For each newly registered patient with degraded data the practice will receive a task, which needs to be actioned.  Medication cannot be prescribed for patients who have outstanding degraded drug sensitivities or allergies on their record.

Other points of note

Returning patients

GP2GP fully integrates the EHR for returning patients such as students and seasonal workers.

Summary care record

Patient preferences, such as the decision to have a summary care record (SCR) and which data elements are to be included or excluded, are transferred through GP2GP.

Patient facing services

Access settings will be preserved for patient facing services during the record transfer, however patients will still need to verify their account prior to the issuing of new login details.
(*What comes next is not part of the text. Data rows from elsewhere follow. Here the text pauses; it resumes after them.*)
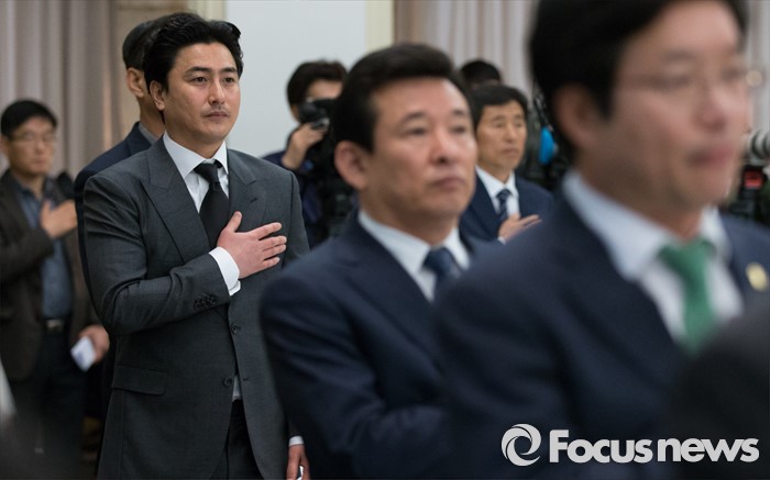 (서울=포커스뉴스) 7일 오전 서울 중구 프레스센터에서 2017 피파 20세 월드컵조직위원회 창립총회에 참석한 안정환 해설위원이 국민의례를 하고 있다.
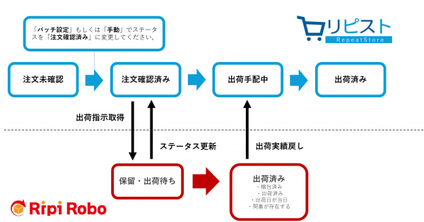 →リピストで「注文確認済み」ステータスの注文を取り込みます。
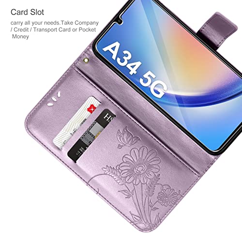Ivencase Cover Compatibile con Samsung Galaxy A34 5G Con 1 Pezzi Vetro Temperato, Book Cover Custodia Flip Caso in PU Pelle Portafoglio Magnetica Porta Carta Kickstand Cover - Viola chiaro
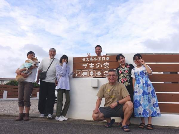 そこからはそれぞれ準備して行って、まずはミカちゃんミカオヤジさんが出発 みんなで写真を!ってことで外に出たら、看板囲んで・・・

Further information about patient facing services (patient online services) can be found using the link provided.

Error messages

Errors rarely happen but on occasion when they do, a clear message is sent within the clinical system detailing the action required.

Review dates

These do not carry over from previous practices, however external screening schedules do.

Redacted entries

At the current time redaction information does not get sent through GP2GP so any parts of the medical record that have been redacted to prevent their appearance in the online view will lose this setting.  If continuing to provide online access after registration it is important to be aware that entries that had been redacted in the past may become visible if access to historic data is given.